> [Exercise objective]: Your answer should be the lines below from the one holding "La referida pancarta" through the one holding "Auf einer Eselin", copied exactly and with nothing else.

> [Extracted material]:
☆ ☆ ☆ ☆ ☆

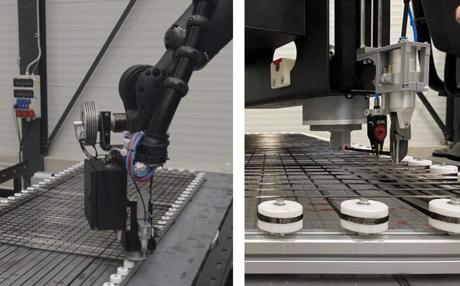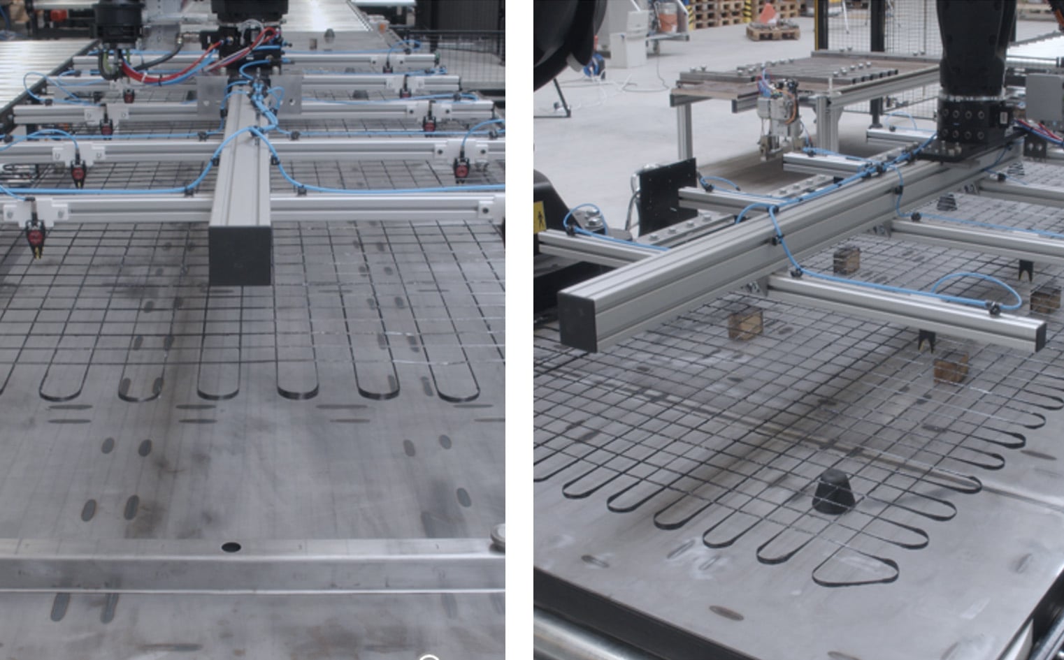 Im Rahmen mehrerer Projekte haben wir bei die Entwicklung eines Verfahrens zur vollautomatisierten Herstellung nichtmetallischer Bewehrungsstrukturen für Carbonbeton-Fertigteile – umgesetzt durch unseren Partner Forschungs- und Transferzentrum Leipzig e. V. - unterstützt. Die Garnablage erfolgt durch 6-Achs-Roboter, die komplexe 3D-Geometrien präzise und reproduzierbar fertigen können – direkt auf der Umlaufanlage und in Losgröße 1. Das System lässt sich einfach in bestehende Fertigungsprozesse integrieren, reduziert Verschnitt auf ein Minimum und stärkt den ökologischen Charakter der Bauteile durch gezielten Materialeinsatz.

☆ ☆ ☆ ☆ ☆

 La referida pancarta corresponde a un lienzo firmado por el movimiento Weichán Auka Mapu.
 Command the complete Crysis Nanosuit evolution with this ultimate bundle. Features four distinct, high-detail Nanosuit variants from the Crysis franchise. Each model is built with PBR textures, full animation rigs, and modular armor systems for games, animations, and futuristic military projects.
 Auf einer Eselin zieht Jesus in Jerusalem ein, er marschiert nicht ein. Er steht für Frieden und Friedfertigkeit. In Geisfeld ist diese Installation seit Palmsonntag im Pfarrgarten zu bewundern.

☆ ☆ ☆ ☆ ☆

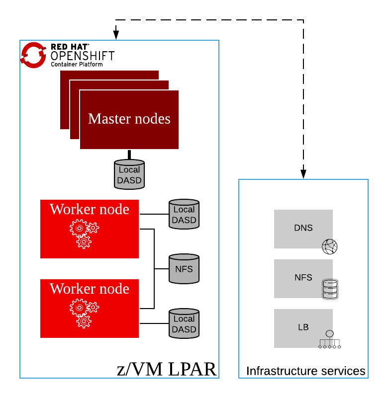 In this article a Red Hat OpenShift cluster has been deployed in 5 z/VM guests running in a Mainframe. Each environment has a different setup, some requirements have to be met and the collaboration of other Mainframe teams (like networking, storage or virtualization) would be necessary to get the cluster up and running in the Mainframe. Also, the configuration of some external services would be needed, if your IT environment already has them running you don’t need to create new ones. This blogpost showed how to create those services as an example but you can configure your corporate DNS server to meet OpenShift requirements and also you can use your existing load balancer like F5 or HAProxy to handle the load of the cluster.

☆ ☆ ☆ ☆ ☆

> [Solution to the problem]:
 La referida pancarta corresponde a un lienzo firmado por el movimiento Weichán Auka Mapu.
 Command the complete Crysis Nanosuit evolution with this ultimate bundle. Features four distinct, high-detail Nanosuit variants from the Crysis franchise. Each model is built with PBR textures, full animation rigs, and modular armor systems for games, animations, and futuristic military projects.
 Auf einer Eselin zieht Jesus in Jerusalem ein, er marschiert nicht ein. Er steht für Frieden und Friedfertigkeit. In Geisfeld ist diese Installation seit Palmsonntag im Pfarrgarten zu bewundern.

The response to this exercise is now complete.